What’s the best book of all-time that you didn’t write? 

The book I keep turning to over and over again, I read it once every two years. It is the perfect combination of humor, drama, tragedy, social commentary, and I laugh so much. When you started this conversation, Jermaine, you asked me what my superpower is, and so I'm going to bring this full circle and say that part of giving a dynamic presentation, or speech, or writing a good book, and at the same time, teaching something, or making a statement about something that can be very heavy…

I got up this morning feeling good and black, thinking black thoughts.
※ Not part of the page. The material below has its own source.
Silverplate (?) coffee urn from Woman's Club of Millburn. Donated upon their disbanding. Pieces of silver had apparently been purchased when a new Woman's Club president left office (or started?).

I did black things, like played all my black records, and minded my own black business. I put on my best black clothes, walked out my black door, and Lord have mercy, wiped snow.

Man.

Part of being able to talk about these very weighty and heavy things is bringing the humor, because when I bring the humor, then it puts your shoulders down, and it ingratiates yourself to me, and it makes you just feel a little bit more comfortable. Now, once I got you comfortable, then I can go in. I think there's a book that does that for me time and time again. It's a book by the author of Erasure, which got turned into the movie, American Fiction. It's a book by Percival Everett that not a lot of people know, but it's a novel called I Am Not Sidney Poitier. It is freaking brilliant, and that's probably my favorite book of all time.